Hilgenberg, L. G. W., Smith, M. A. Preparation of Dissociated Mouse Cortical Neuron Cultures. J. Vis. Exp. (10), e562, doi:10.3791/562 (2007).
This video will guide you through the process for generating cortical neuronal cultures from late embryo and early postnatal mouse brain. These cultures can be used for a variety of applications including immunocytochemistry, biochemistry, electrophysiology, calcium and sodium imaging, protein and/or RNA isolation. These cultures also provide a platform to study the neuronal development of transgenic animals that carry a late embryonic or postnatal lethal gene mutation. The procedure is relatively straight forward, requires some experience in tissue culture technique and should not take longer than two to three hours if you are properly prepared. Careful separation of the cortical rind from the thalamo-cortical fiber tract will reduce the number of unwanted non-neuronal cells. To increase yields of neuronal cells triturate the pieces of the cortical tissue gently after the enzyme incubation step. This is imperative as it prevents unnecessary injury to cells and premature neuronal cell death. Since these cultures are maintained in the absence of glia feeder cells, they also offer an added advantage of growing cultures enriched in neurons.

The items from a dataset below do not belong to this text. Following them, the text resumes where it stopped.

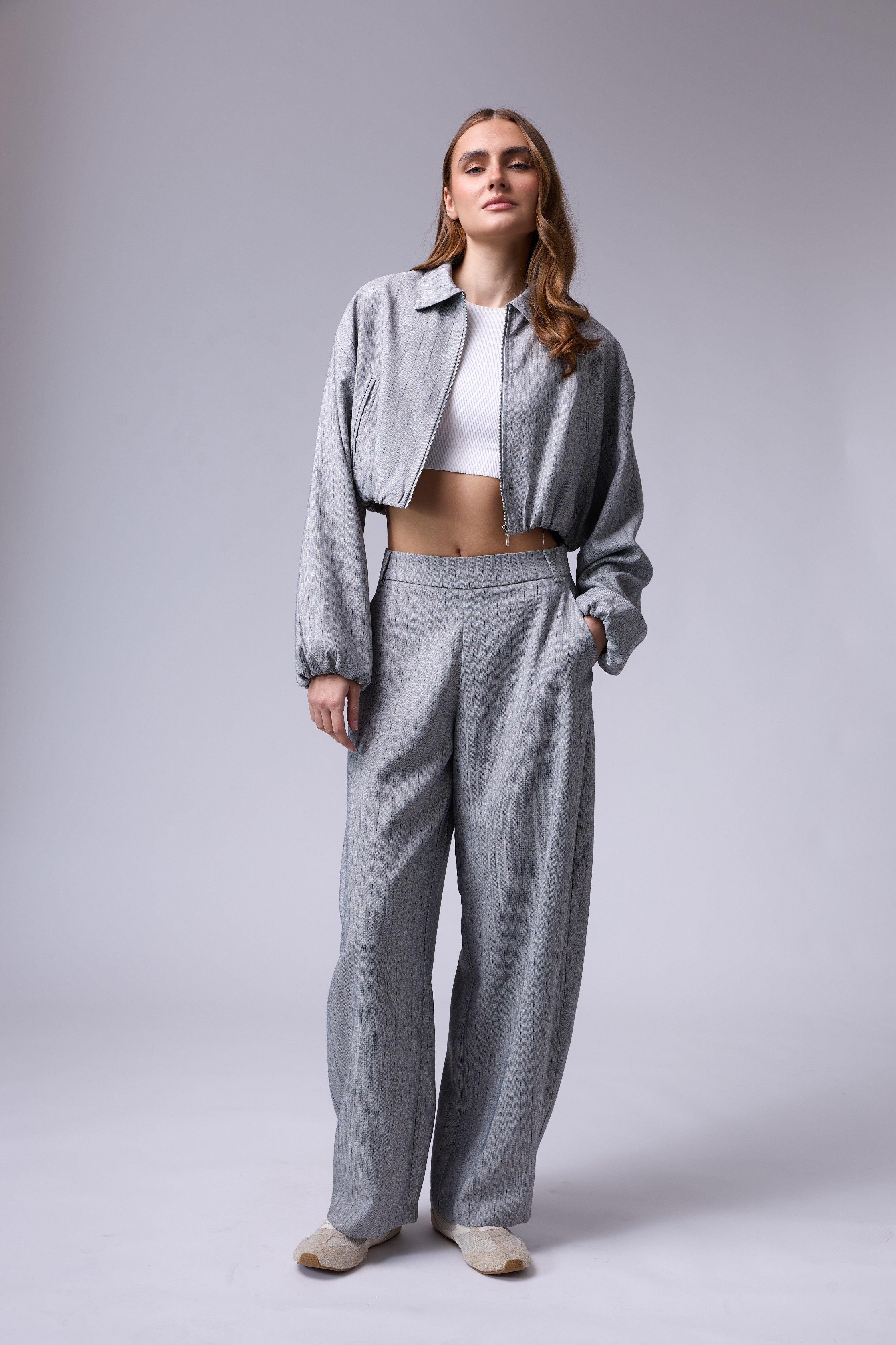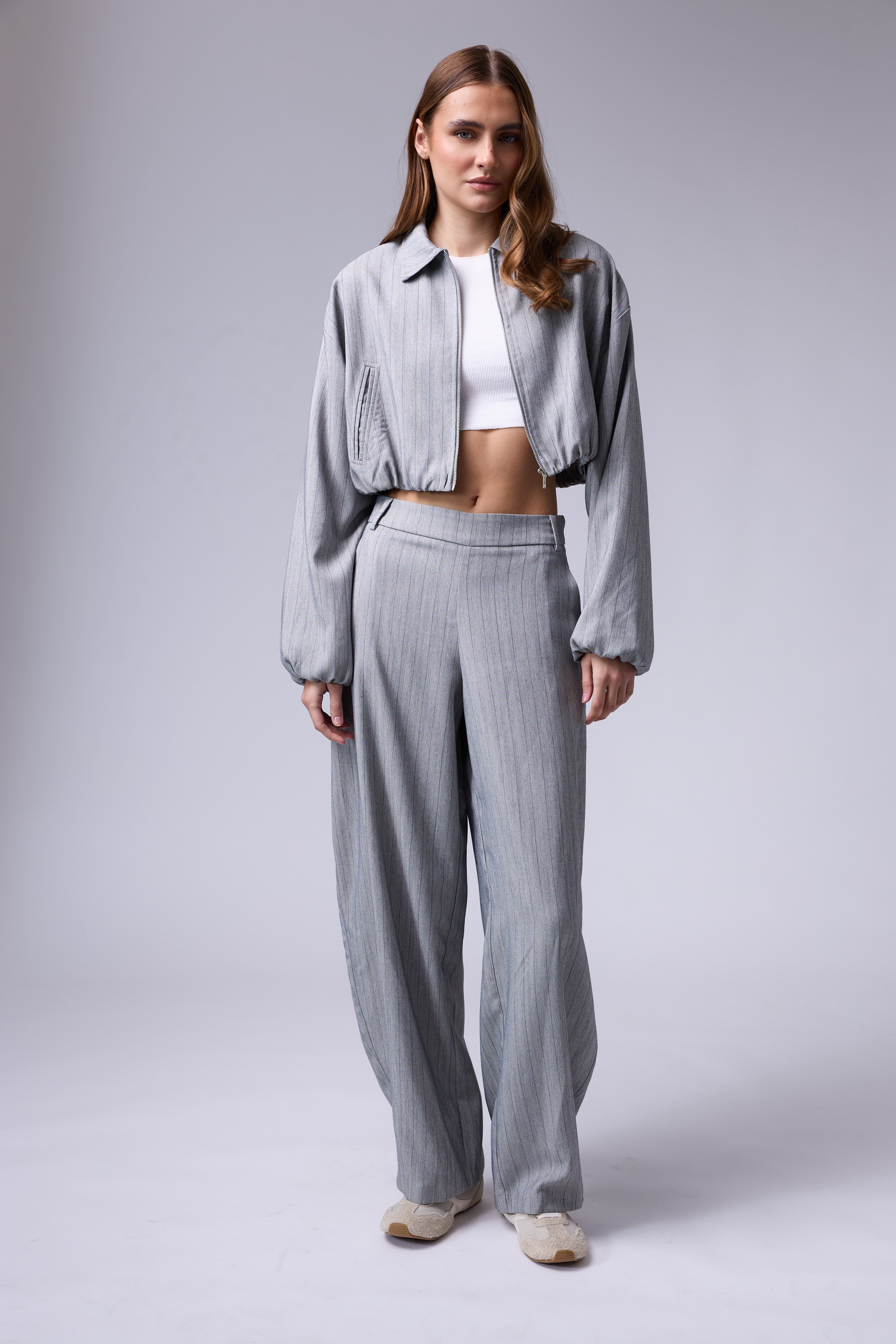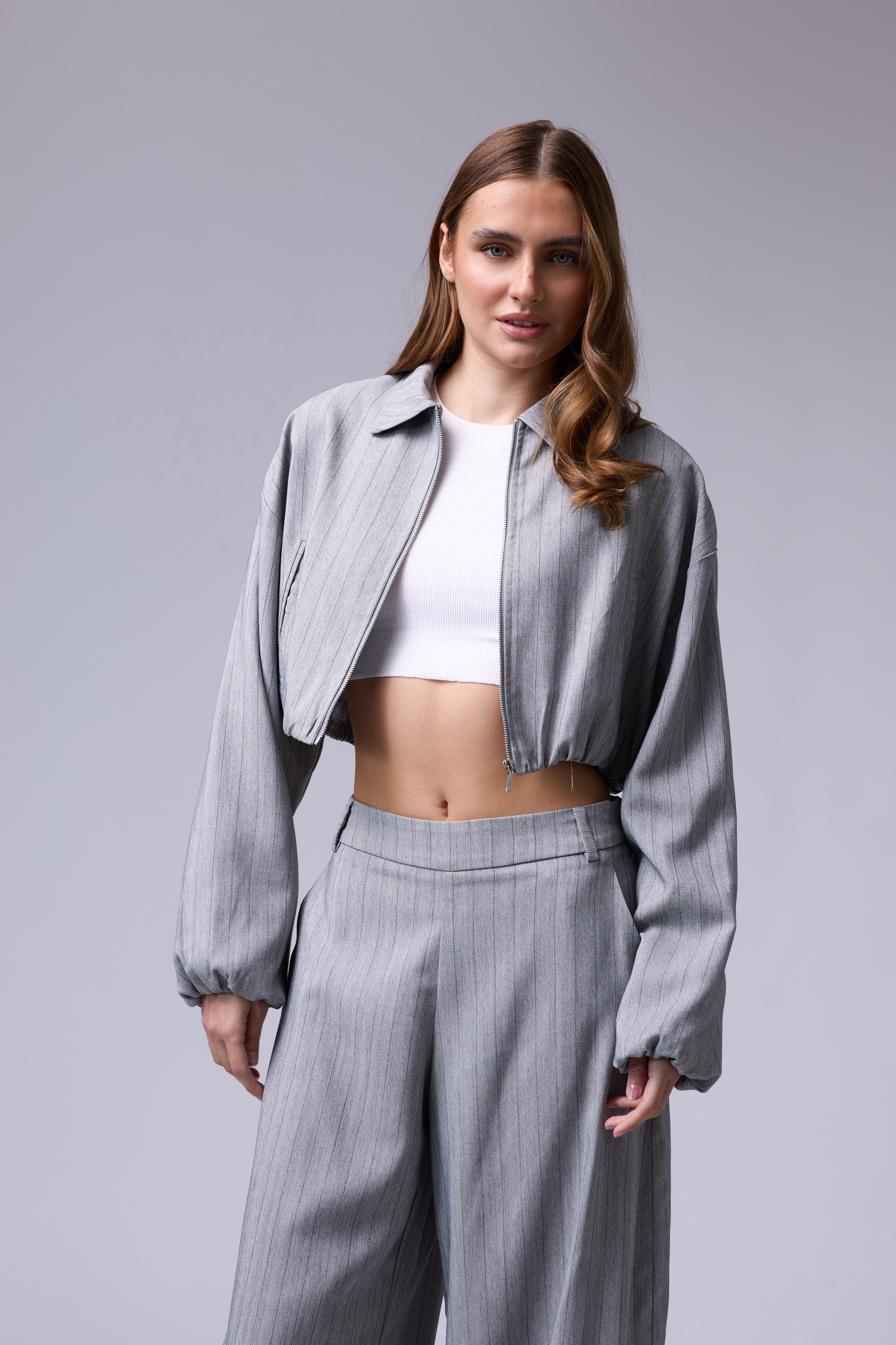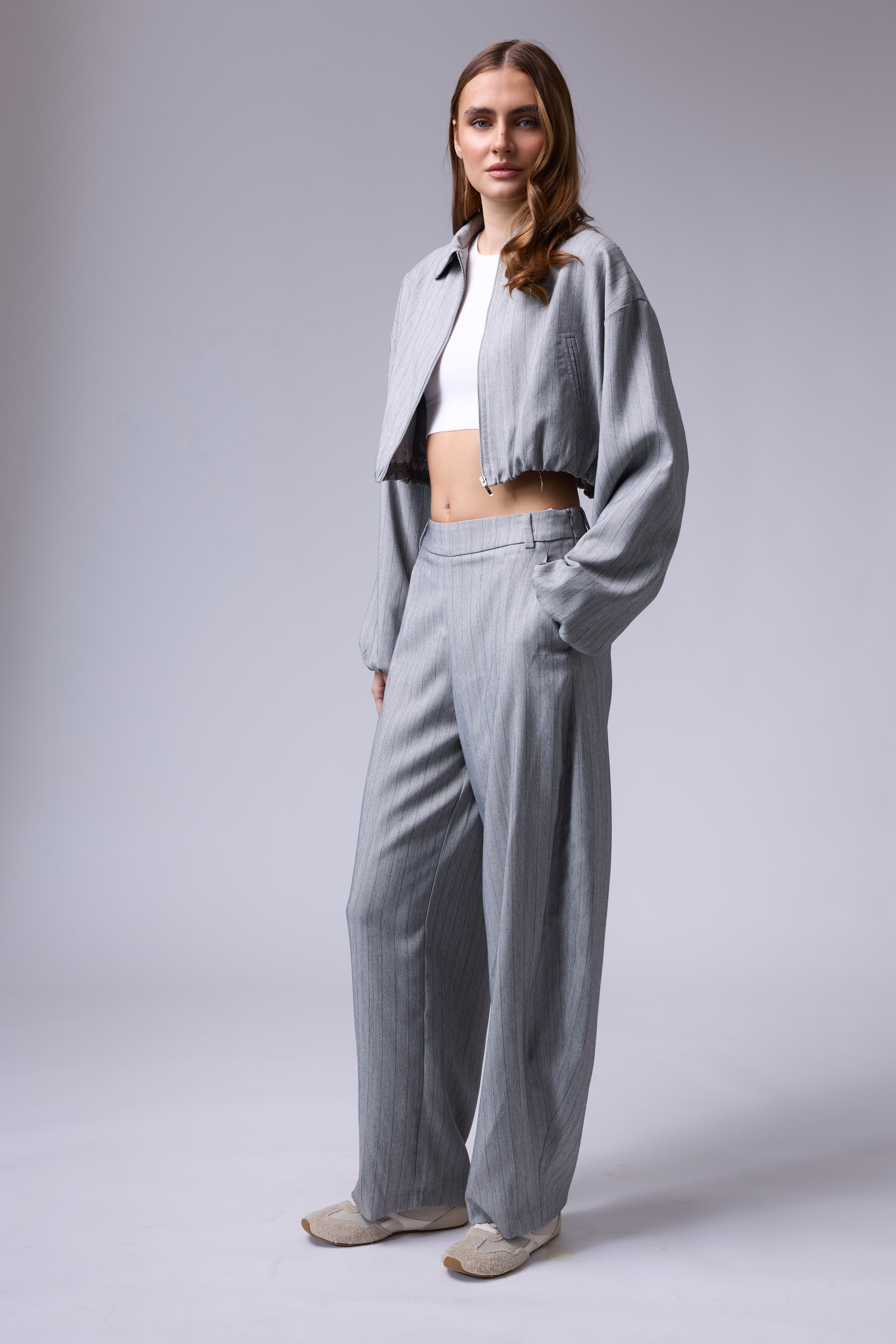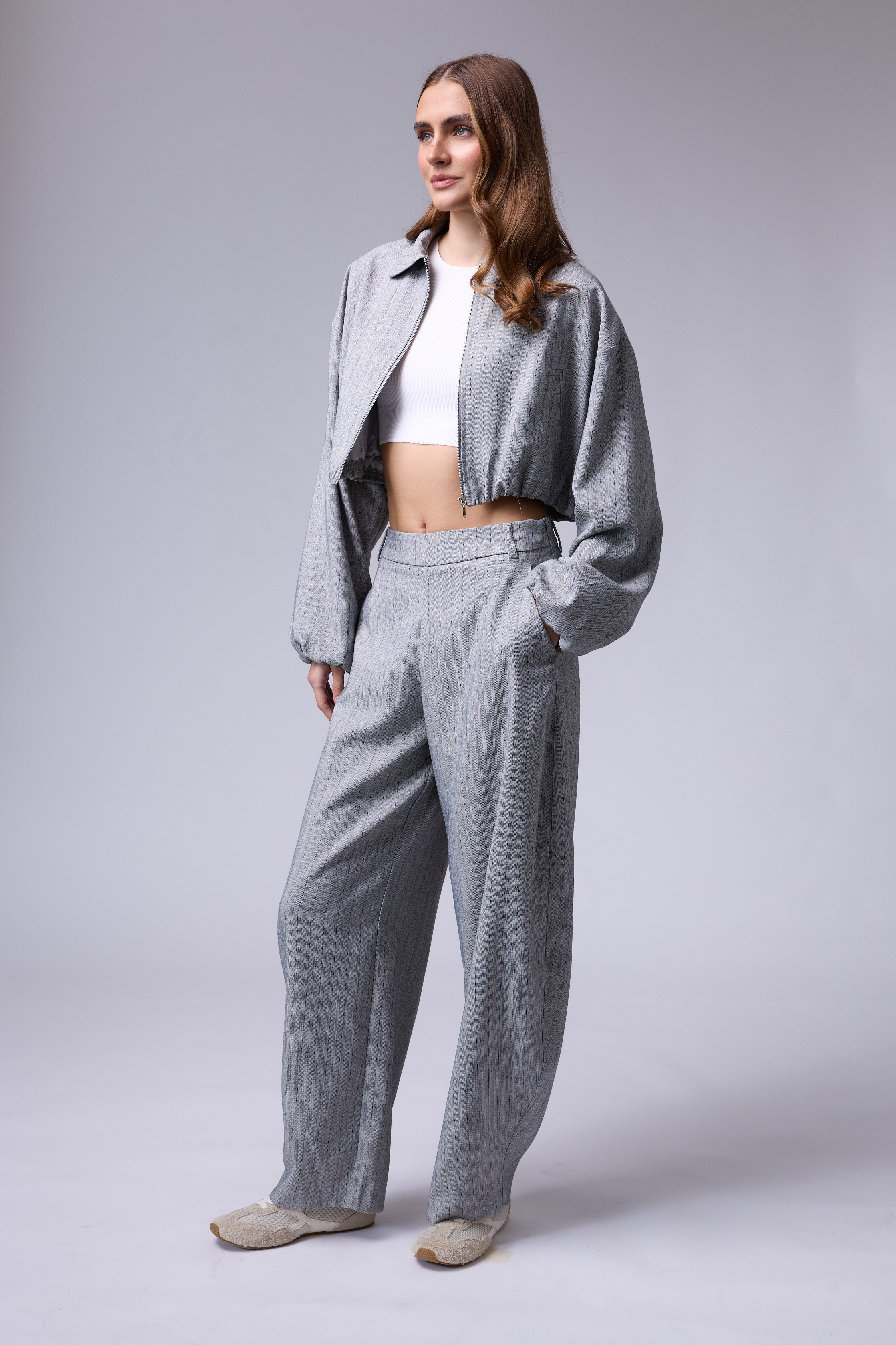 חליפת פסים מכנס בלון עם רוכסן בצד וג'קט עם רוכסן ושרוולים גדולים עם גימור של גומי בסיום
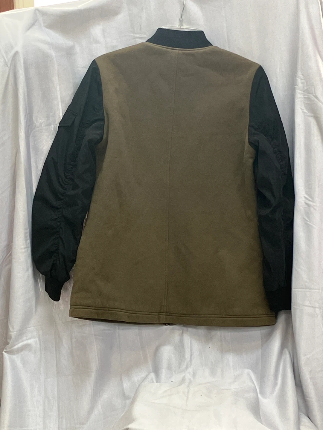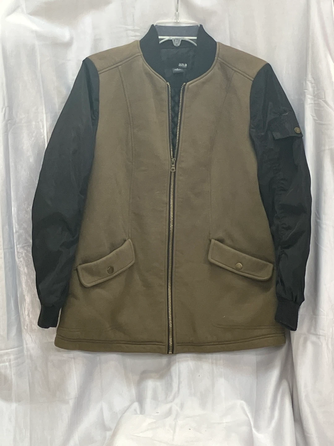 Ana bomber jacket with olive green body and black sleeves. Two button flap pockets on the front. Zipper closure. Ribbed cuffs and hem.
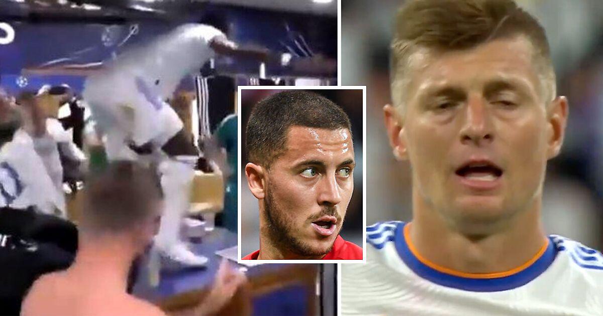 В соцсетях появились кадры, на которых Эден Азар в раздевалке предлагает шампанское 8-летнему сыну Тони Крооса. Немец явно был не в восторге! Тони сразу же отодвинул руку Азара с бутылкой.
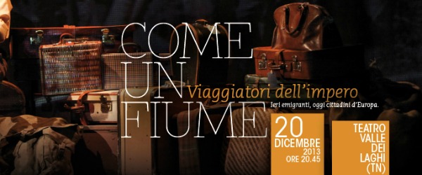 VenerdA� 20 dicembre (h. 20.45) presso il Teatro Valle dei Laghi di Vezzano (TN) andrA� in scena Come un fiume. Viaggiatori della��Impero. Ieri emigranti, oggi cittadini da��Europa, spettacolo teatrale prodotto dalla��Associazione culturale ATTI con il sostegno della��Ufficio Emigrazione della Provincia Autonoma di Trento e dedicato alla storia dei trentini emigrati nei confini della��Impero austro-ungarico.
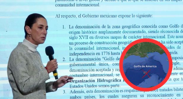“La denominación ‘Golfo de México’ no obedece a una imposición de una fuente gubernamental única, como erróneamente sugiere Google, sino que es un nombre aceptado y registrado históricamente”, expresó Sheinbaum.
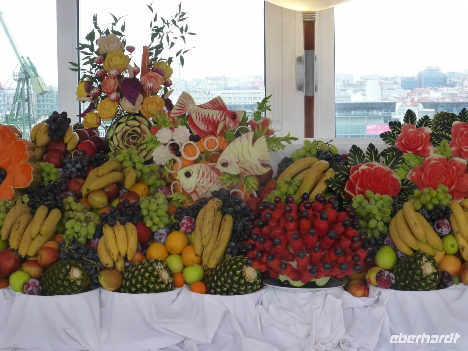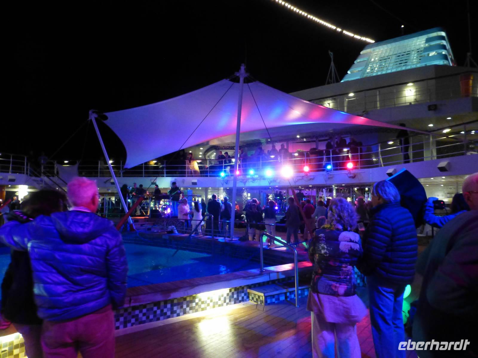 Nach dem Abendessen wird zur Poolparty mit opulentem Schokoladenfrüchtebuffet und Live-Musik eingeladen.
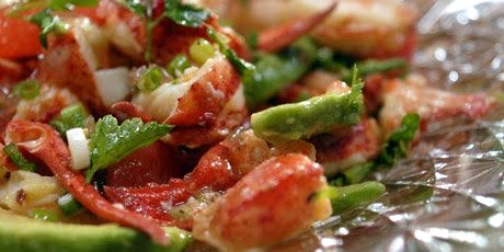 4. Chop the lobster meat into large chunks for the salad and add it to the grapefruit. Cut the avocado and add it, along with a generous squeeze of lemon to keep its colour. Chop the green onions, including the green, and add along with the parsley leaves. Add the oil, salt, and pepper.
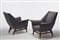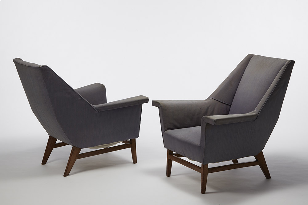 BBPR (Lodovico Barbiano di Belgiojoso, Enrico Peressutti, Ernesto Nathan Rogers) Coppia di poltrone imbottite con struttura in legno massello di noce e rivestimento in tessuto azzurro avio. Esecuzione Pierino Frigerio, Cantù 1952 ca. (cm 85x92x75) (difetti) Provenienza: Appartamento Z.P., Milano , 1952 e 1962 ca Pair of armchairs. Oak, blue fabric lining. Pierino Frigerio, Cantù, circa 1952 (cm 85x92x75) (defects) Provenance: Appartamento Z.P., Milano , 1952 e 1962 ca
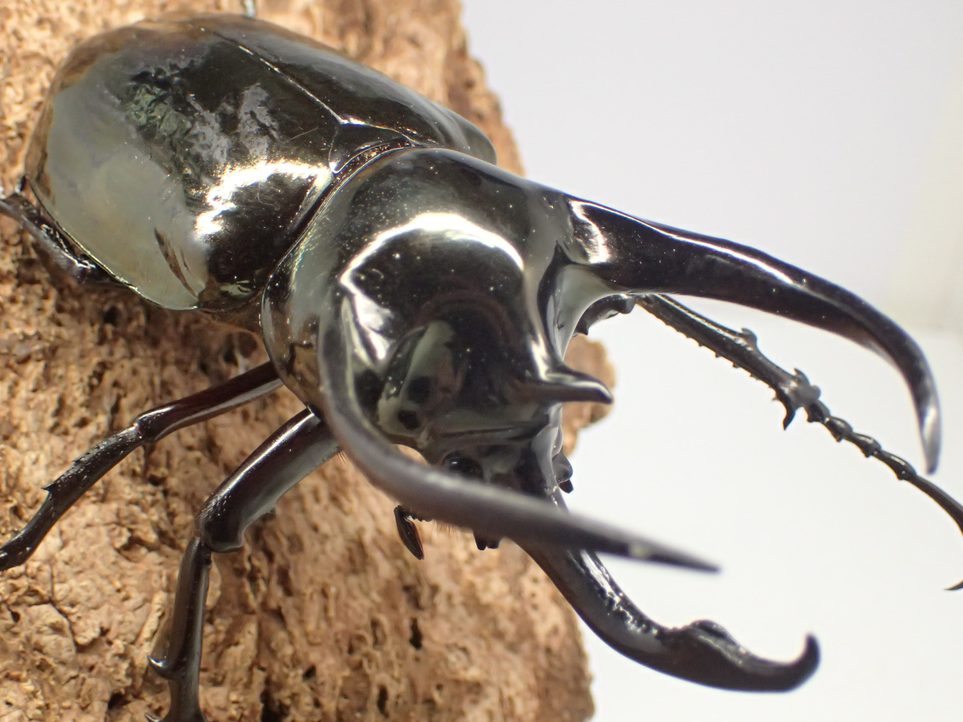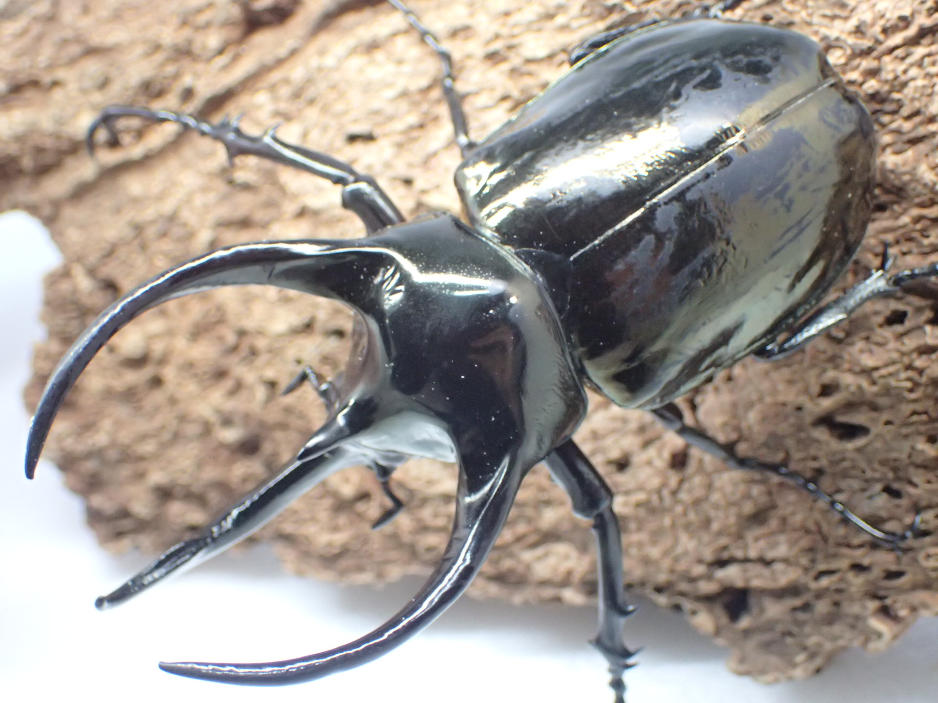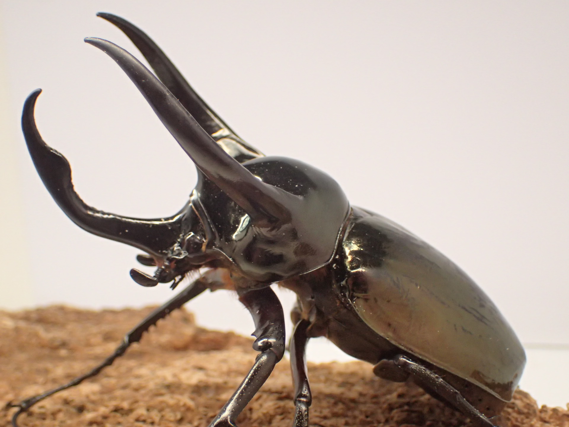 フィリピンに広く分布するフィリピンアトラスは、アトラスオオカブトの中で最大亜種で、頭角先端付近に三角形状の突起があり、前胸背板中央の突起は斜め上方を向いて大きくなります。

Preparations before day of culturing:
- Prepare sterile dissecting solution (DS).
- Prepare NBM/B27 (Neurobasal Mediom with B27 supplements).
- Autoclave ddH2O and sterilize glass coversilps, if needed.
- Coat tissue culture dishes or glass coverslips with poly-D-lysine.
Prepare the day before culturing under sterile conditions.
- Thaw aliquot of 10X PDL and place on ice.
- Add 9 ml sterile ultra-filtered water to 1 ml of PDL and mix well (1X).
- Coat surfaces with 1X PDL overnight at room temperature as follows:
- glass coverslips (Bellco Glass, Inc. Cat.# 1943-00012): 75 µl/coverslip
- 24 well culture plate: 300 µl/well
- 35mm culture dish: 1ml/dish
- Rinse 5X with sterile water (use sterile Pasteur pipettes to aspirate liquid).
- Remove water until surface is completely dry.
Culturing procedure (done in laminar flow hood under sterile conditions)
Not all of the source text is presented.